Three types of sequence-encoding models (with 10 specific models) are available in Bastion4. In general, selecting only local-sequence-encoding based models enables high-speed predictions but at the expense of a reduced prediction accuracy. In contrast, global sequence-encoding or structural-descriptor-encoding based models can provide an improved predictive performance, but suffer from increased computational complexity and time consumption. Users are advised to be aware of the compromise between computational efficiency and prediction accuracy when selecting models. A job submission with the default settings will take the Bastion4 server approximately 10 minutes to process and accomplish the job of a typical protein sequence with 500 amino acid residues.

2.3 Input limits

1. The length of each submited sequence should be in the range of 50 and 5000.
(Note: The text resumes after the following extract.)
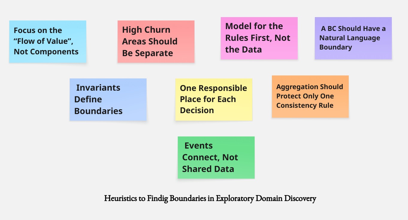 One of the most important heuristics says that invariants define boundaries. Invariants are the rules that absolutely must stay true, otherwise the business breaks. As soon as you identify one of these rules, you usually find the core of an Aggregate or even the core of an entire bounded context.

2. Since T4SE prediction is a time-consuming job, especially when you select Global Sequence Encoding Based Models or Sequence functional Encoding Based Models, the max number of submited sequences each time should be no more than 50.